_ABOUT THIS TASK_: With the pictures omitted, write out the entries that follow exactly as they stand.

_TASK INPUT_:

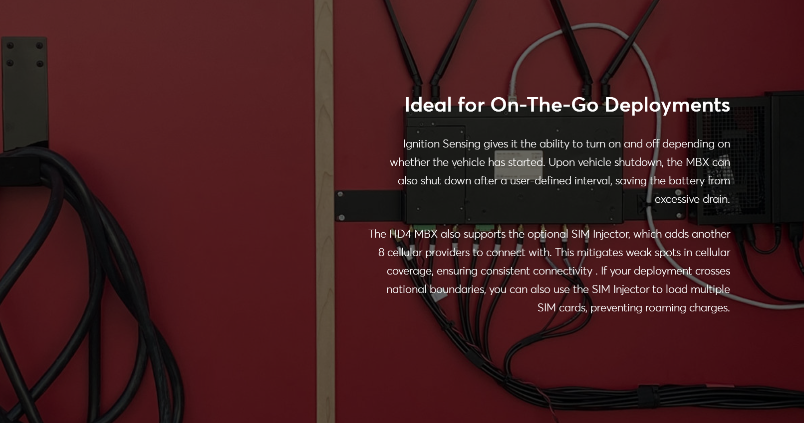 HD4 MBX 还支持可选的 SIM 卡扩展器,可额外接入 8 家蜂窝网络供应商,从而消除信号覆盖薄弱点,确保持续稳定的连接。若部署场景跨越国界,亦可使用 SIM 卡扩展器加载多张 SIM 卡,有效避免漫游费用。
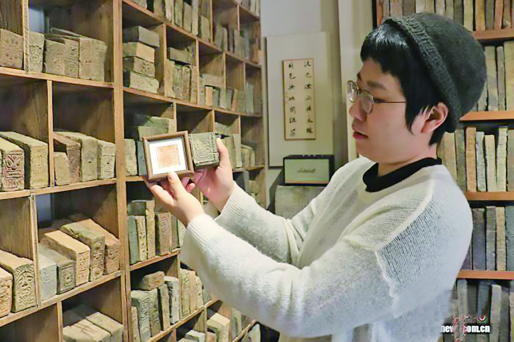 杭州一家古砖收藏馆陈列着三千余块千年古砖,成为当地市民了解、体验古砖文化的好去处。1月15日,该馆主理人之一、“95后”青年马雨介绍,馆内七成古砖产自浙江,多来源于当地乡野老屋及古砖藏家。图为马雨展示根据古砖纹样制作的文创产品。
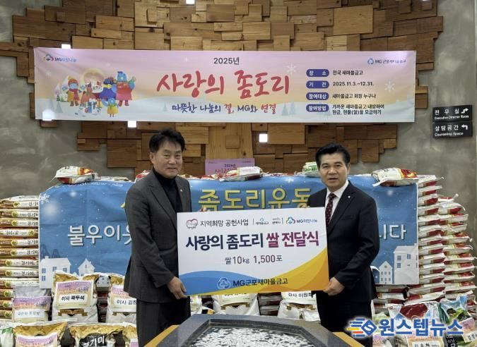 ‘사랑의 좀도리쌀’ 행사는 MG군포새마을금고와 군포시가 함께 하는 지역희망공헌사업으로 1989년부터 시작해 올해로 38회째를 맞았다. MG군포새마을금고는 지난해와 동일하게 총 1,500포(1포 10㎏)의 쌀을 지원해 추운 겨울을 보내는 이웃들에게 온기를 전했다.
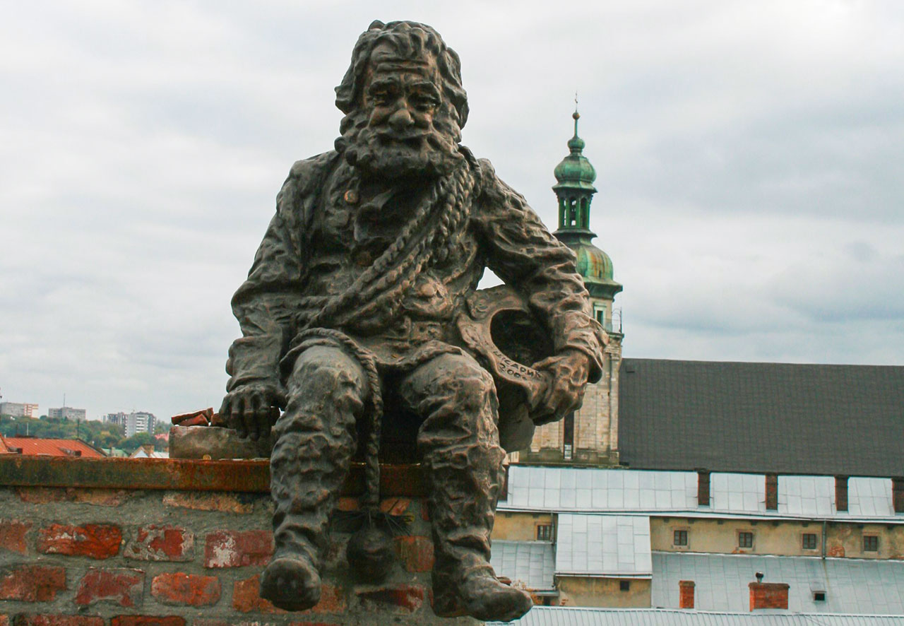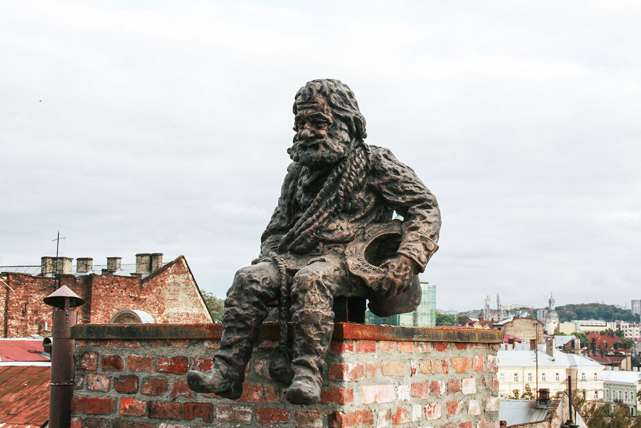 А от ще один витвір скульптора, пам’ятник Сажотрусу, що знаходиться на даху однієї з кам’яниць у центральній частині міста, пережив низку кардинальних змін під час свого створення. Так, фігура сажотруса, яка зараз є старцем з бородою, спочатку задумувалася молодим хлопцем. «Протягом роботи було багато обговерень із замовниками, – пояснює Володимир, – в решті решт, вирішили так. І, вважаю, правильно».
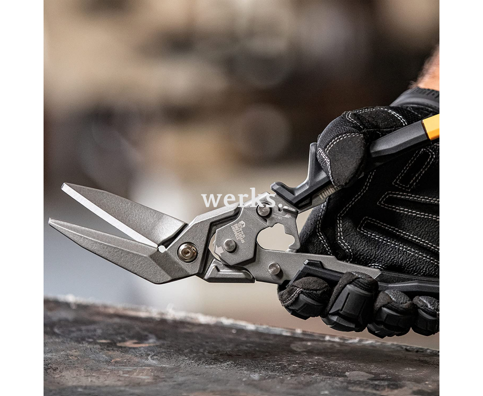 Предназначены для выполнения непрерывных прямых и уходящих влево разрезов. Кованые лезвия с индукционно закаленными режущими кромками сохраняют остроту в 10 раз дольше по сравнению с литыми аналогами. Эргономичная форма рукоятки позволяет резать в двух режимах: с рукояткой назад для максимального рычага и с рукояткой вперед для лучшего контроля. Поворотный болт, установленный заподлицо, не будет мешать материалу во время резки. Металлический замок надежно фиксирует инструмент при хранении и может быть легко зафиксирован одной рукой. Эти ножницы разработаны для удовлетворения высоких требований профессионалов.
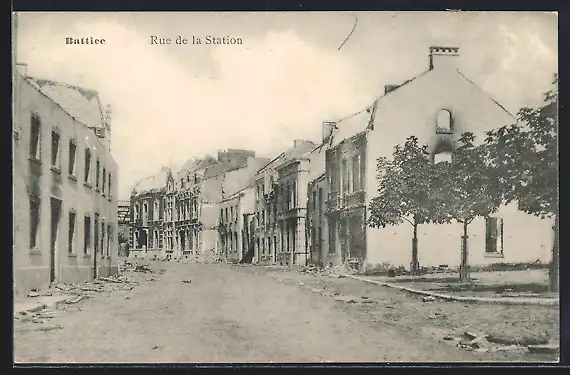 AK Battice, Rue de la Station, Trümmer zerstörter Häuser

_OUTPUT OF THE TASK_:
 HD4 MBX 还支持可选的 SIM 卡扩展器,可额外接入 8 家蜂窝网络供应商,从而消除信号覆盖薄弱点,确保持续稳定的连接。若部署场景跨越国界,亦可使用 SIM 卡扩展器加载多张 SIM 卡,有效避免漫游费用。
 杭州一家古砖收藏馆陈列着三千余块千年古砖,成为当地市民了解、体验古砖文化的好去处。1月15日,该馆主理人之一、“95后”青年马雨介绍,馆内七成古砖产自浙江,多来源于当地乡野老屋及古砖藏家。图为马雨展示根据古砖纹样制作的文创产品。
 ‘사랑의 좀도리쌀’ 행사는 MG군포새마을금고와 군포시가 함께 하는 지역희망공헌사업으로 1989년부터 시작해 올해로 38회째를 맞았다. MG군포새마을금고는 지난해와 동일하게 총 1,500포(1포 10㎏)의 쌀을 지원해 추운 겨울을 보내는 이웃들에게 온기를 전했다.
 А от ще один витвір скульптора, пам’ятник Сажотрусу, що знаходиться на даху однієї з кам’яниць у центральній частині міста, пережив низку кардинальних змін під час свого створення. Так, фігура сажотруса, яка зараз є старцем з бородою, спочатку задумувалася молодим хлопцем. «Протягом роботи було багато обговерень із замовниками, – пояснює Володимир, – в решті решт, вирішили так. І, вважаю, правильно».
 Предназначены для выполнения непрерывных прямых и уходящих влево разрезов. Кованые лезвия с индукционно закаленными режущими кромками сохраняют остроту в 10 раз дольше по сравнению с литыми аналогами. Эргономичная форма рукоятки позволяет резать в двух режимах: с рукояткой назад для максимального рычага и с рукояткой вперед для лучшего контроля. Поворотный болт, установленный заподлицо, не будет мешать материалу во время резки. Металлический замок надежно фиксирует инструмент при хранении и может быть легко зафиксирован одной рукой. Эти ножницы разработаны для удовлетворения высоких требований профессионалов.
 AK Battice, Rue de la Station, Trümmer zerstörter Häuser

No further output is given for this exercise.